I’ve fixed it in a PR, not yet merged. Despite the error message, the change will go through correctly if all you’re doing is blanking out the IFID field and submitting.

That’d be me then… looks like we met around T. (I’ve been cherry-picking the works with obvious bogus word-like IFIDs, leaving the strings-of-letters-and-number ones; and bombing through pretty fast.)

2 Likes
Now these 38 weird IFIDs remain.
ifid
1212162134
123423232
130419
1313133
13911
150525
160314
180104
181115
210814
22083007
223423423
227788
230409
252204787
2HWV41LDJGHB3D4L
3138023
33113311
4406415
616263
6623
69950
6XBYTLWLC1C1ZT0G
74VDSUAU3KRW9048
7777333999555
78173
823-8978-8888-8888
8888880119
8B0747EF-B9DB-4CA9-94B8-84960E73373
8CA5115F5-B05A-4070-A79B-0C65E8758AE5
9782384
ABXKHCI33ZSWEB2L
CCU403250023
CDF1
KG5UM5UZVJZ1VJSL
KUMA74262ZH466DL8K
PB3SNH6NK4VNS8PD
1 Like

I’ve had another pass through the numbers-and-letters ones, and got rid of some of them.

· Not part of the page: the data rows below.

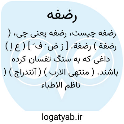 ( رضفة ) رضفة. [ رَ ض َ ف َ ] ( ع اِ ) داغی که به سنگ تفسان کرده باشند. ( منتهی الارب ) ( آنندراج ) ( ناظم الاطباء ). داغی که به سنگ تافته کنند. ج، رَضَف، رَضَفات. ( از اقرب الموارد ). || یکی رَضْف، بمعنی سنگهای تفسیده که شیر را به وی در جوش آرند. و فی المثل: خذ من الرضفه ما علیها. ( از منتهی الارب ). سنگ تافته. ج، رَضْف. ( مهذب الاسماء ). و رجوع به رَضْف شود.
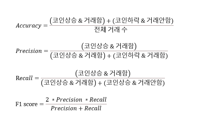자, 그러면 이제 비트코인에 대입해서 지표를 제시하면 아래와 같습니다. 제가 생각하기에는 Precision이 높은 경우가 좋다고 할 수 있겠습니다만 종합적으로 보기 위해서 Precision과 Recall을 종합적으로 고려한 F1 score를 많이 보기도 합니다. F1 score은 Precision과 Recall의 조화평균입니다.
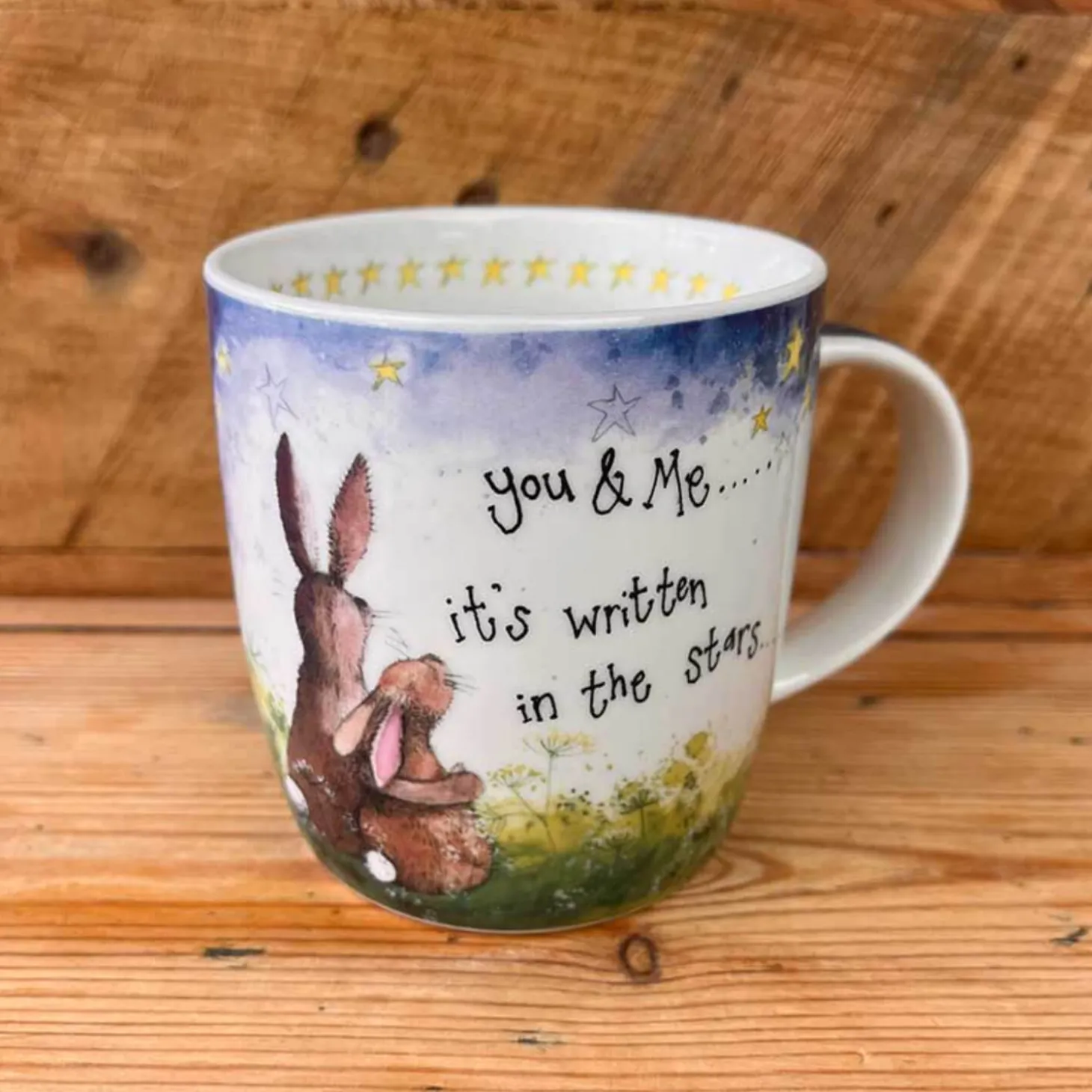 Alex Clark presents the ‘Written In The Stars’ mug, this fabulous mug features an illustration showing two delightful rabbits looking up at the stars with the wording ‘You and Me……. it’s written in the stars’. Further illustrations feature around the inner rim and down the handle. A lovely way to start your day with a tea or coffee in this great mug!
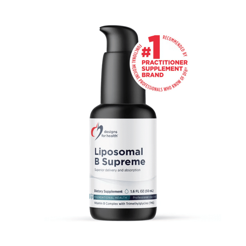 Liposomal B Supreme by Designs for Health delivers a comprehensive blend of B vitamins in a highly absorbable liposomal form to support energy production, mental health, and stress response.
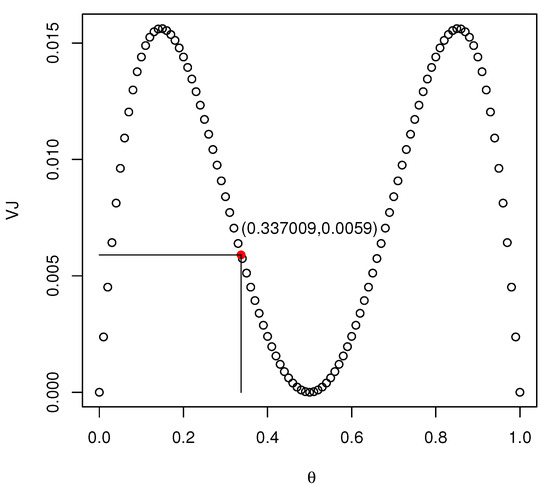 Table 1 gives the numerical values of with for the standard uniform distribution. It can be observed that , as stated in Proposition 8, and is increasing with respect to k for when n is odd (even). Furthermore, it is decreasing with respect to k for . Therefore, the median of order statistics has a minimum varextropy. It should be noted that, when n is even, both of the middle random variables of order statistics, are the median.
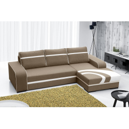 Moderní rohová sedací souprava FLORES je určena pro více osob a osloví i ty nejnáročnější uživatele. Rohová souprava ve tvaru L je k dispozici v pravostranném nebo levostranném provedení, takže si ho každý může přizpůsobit uspořádání místnosti. Volně stojící rohová sedací souprava se vyznačuje čalouněnými zády, díky nimž ji lze umístit nejen k obývací stěně, ale i do její střední části. Rohová sedací souprava FLORES s bočnicemi je vybavena funkcí spaní, která umožňuje nábytek rozložit, a také prostornou schránkou na lůžkoviny, do které se snadno vejdou polštáře, přikrývky a deky pro příjemný, pohodlný a bezpečný spánek. Elegantní rohová pohovka s dřevěným rámem se vyznačuje zvýšenou odolností a stabilitou, a to i přes každodenní používání. Nábytek stojí na dřevěných nohách z tmavého ořechu. Moderní rohová sedací souprava s mírně profilovaným opěradlem je vyplněna čalounickou pěnou a vlnitými pružinami, díky nimž se na modelu FLORES neobjeví žádné nevzhledné deformace. Volně stojící rohovou pohovku do obývacího pokoje lze čalounit látkou, která je k dispozici v široké škále barev. FLORES v základní verzi je vybaven vložkami z bílé ekokůže - na výběr je i z jiných látek. Stylová rohová pohovka ve tvaru písmene L zaujme atraktivním designem, který se skvěle hodí do obývacího pokoje zařízeného v moderním estetickém stylu.
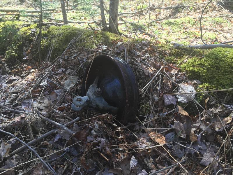 At the next pole site I noticed some porcelain poking through the leaves next to the moss covered pole. I uncovered the leaves and a complete hewlett disc with some hardware attached was revealed.. a rare sight indeed!!!
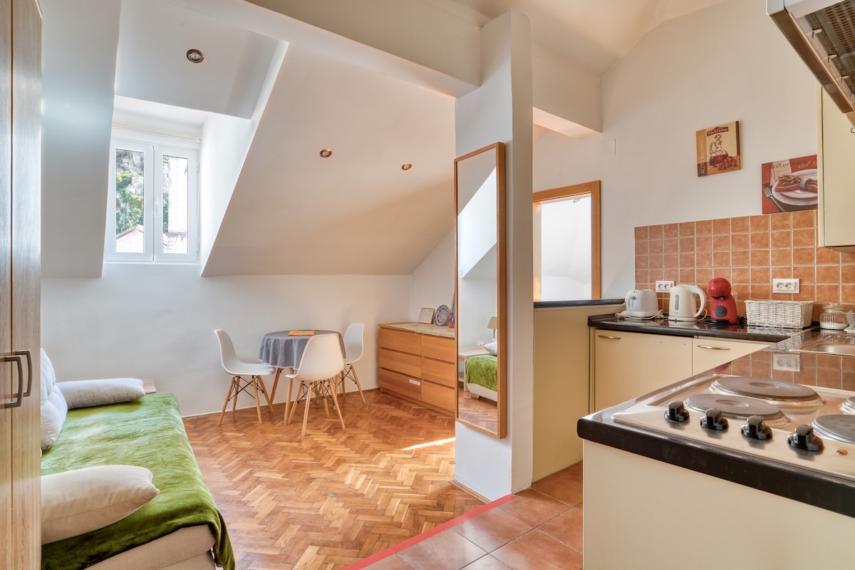 This Old Town cosy studio apartment is the ideal accommodation for couples or friends looking for a comfortable and central stay in Kotor. The guests can enjoy the city walls view from the apartment windows. The studio is in the heart of the historic center of Kotor,near Saint Nicholas church and the St. Tryphon Cathedral, but at the same time far away from noisy bars so the guests can have a good night sleep. Elegance and taste are what best describes the interior of this cosy studio.
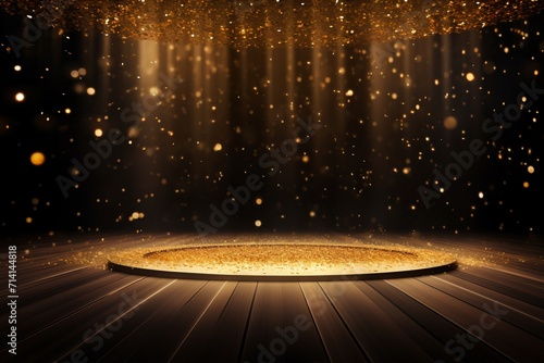 Amidst the darkness of a black background, a wooden stage showcases a podium, complemented by floating golden particles, evoking a festive and celebratory aura. Created with generative AI tools

Most of what I’ve left was works where it’s impossible to tell what the real IFID is if any, because there are no links at all from the IFDB record. (With some vague notion that the bogus IFID might be A Clue, to someone who cared more.)

1 Like

I think this regex allows all valid IFIDs, while not allowing a lot of invalid ones. It will allow a few legacy IDs which actually don’t exist, like LEVEL9-025. It assumes that the language codes for Level 9s Champion of the Raj are two-letter codes in uppercase although this isn’t specified in the treaty.

^([0-9A-F]{8}-([0-9A-F]{4}-){3}[0-9A-F]{12}|ZCODE-\d{1,5}-[A-Za-z0-9-]{6}(-[0-9A-F]{4})?|GLULX-([0-9A-F]{8}|\d{1,5}-[A-Za-z0-9-]{6})-[0-9A-F]{8}|((TADS[23]|HUGO|MAGNETIC|LEVEL9|ADVSYS|ALAN|HTML|MZ|ELF|JAVA|AMIGA|SCRIPT|MACHO|MAC)-)?[0-9A-F]{32}|MAGNETIC-[1-7]|AGT-\d{5}-[0-9A-F]{8}|LEVEL9-0[0-2][0-9](-(\d|[A-Z]{2}))?)$

This should be matched as case sensitive (without the “i” flag).

The regex should be self-explanatory :slight_smile:

2 Likes

This one is in fact valid.

It’s missing the Adrift IFIDs, and the updated legacy Hugo ones. (The Babel spec hasn’t had a formal update since these were documented, so check the source on GitHub.)